Seneca Global Income & Growth Trust generated a net asset value total return for the year ended 30 April 2016, of +0.8% which was less than the benchmark return of +3.7%, being 3-month LIBOR plus 3%.  Nevertheless, SIGT’s NAV performance over the year compared well with its AIC sector and most of the comparator indices, whose returns were: AIC Global Equity Income sector -2.3%, FTSE All-Share Index -5.5%, FTSE All-World ex-UK Index +0.6%, FTSE WMA Stock Market Balanced Index -1.0%, and FTSE Gilts All-Stocks Index +4.3%. Over a longer time frame of three years, SIGT generated a NAV total return of +18.4% compared with +11.2% from the benchmark. This helped attract new investors and drive down the discount resulting in a return to shareholders for the year ended 30 April 2016 of 9.3%.

Seneca Global Income & Growth paid a fourth interim dividend of 1.52 pence per share on 10 June 2016, which, when added to the three preceding interim dividends, produced total dividends of 5.93 pence per share for the year ended 30 April 2016, an increase of 4.6% on the previous year’s 5.67 pence.  It is the Board’s intention, barring unforeseen circumstances, to at least maintain the quarterly dividend amount of 1.52 pence per share for the year to 30 April 2017.

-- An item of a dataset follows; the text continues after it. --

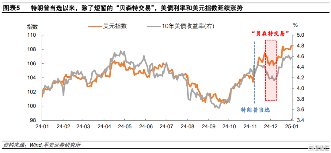 不过,美债利率和美元指数基本延续涨势,除了短暂的“贝森特交易”期外。除了在2024年11月22日,特朗普提名贝森特为美国新财长后,因其主张管控赤字,而引发了为期两周左右的“贝森特交易”:10年美债利率短暂跌破4.2%,美元指数短暂跌破106。但很快,12月中旬以后,美债利率和美元指数恢复涨势。截至12月27日,10年美债利率突破4.6%、创8个月新高,美元指数多次站上108,创近两年新高。

The Board believes the time is right to adopt a Discount Control Mechanism (‘DCM’) which will seek to regulate the share price at very close to its net asset value, and provide improved liquidity in the company’s shares. The DCM will seek to ensure that your Company’s shares trade very close to net asset value through a combination of share buy-backs at a small discount to net asset value when supply exceeds demand and the issue of new shares at a small premium to net asset value when demand exceeds supply. The Board’s expectation is that, over time, this should lead to the expansion of the company and in turn reduce the Ongoing Charges ratio by spreading the fixed costs over a larger base.

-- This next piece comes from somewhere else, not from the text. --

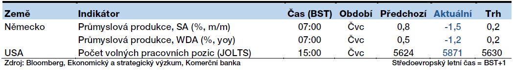 Kalendář dnešních ekonomických událostí na globálních trzích:

The performance of the UK equity holdings, which are largely directly held (rather than through third party funds) and focussed on mid-sized FTSE 250 companies, made the most significant contribution. The 7.1% return achieved by the UK portfolio was close to 15% ahead of the UK equity index used internally. The largest contribution came from Amlin, which was bid for, and subsequently acquired by Mitsui Sumitomo Insurance. Ashmore Group made an early (and welcome) contribution, as the position was only introduced to the portfolio in January. Another early contributor was Royal Dutch Shell, which was also bought in January, when the shares were offering a yield of over 10%. The shares subsequently rose by over 30%, finishing the period with a healthy uplift over the original purchase price.  The long held position in A J Bell holdings was a positive contributor to returns, as the carried value of this unquoted investment was increased from 575p to 600p following a partial sale of the holding in May 2015 at 600p per share.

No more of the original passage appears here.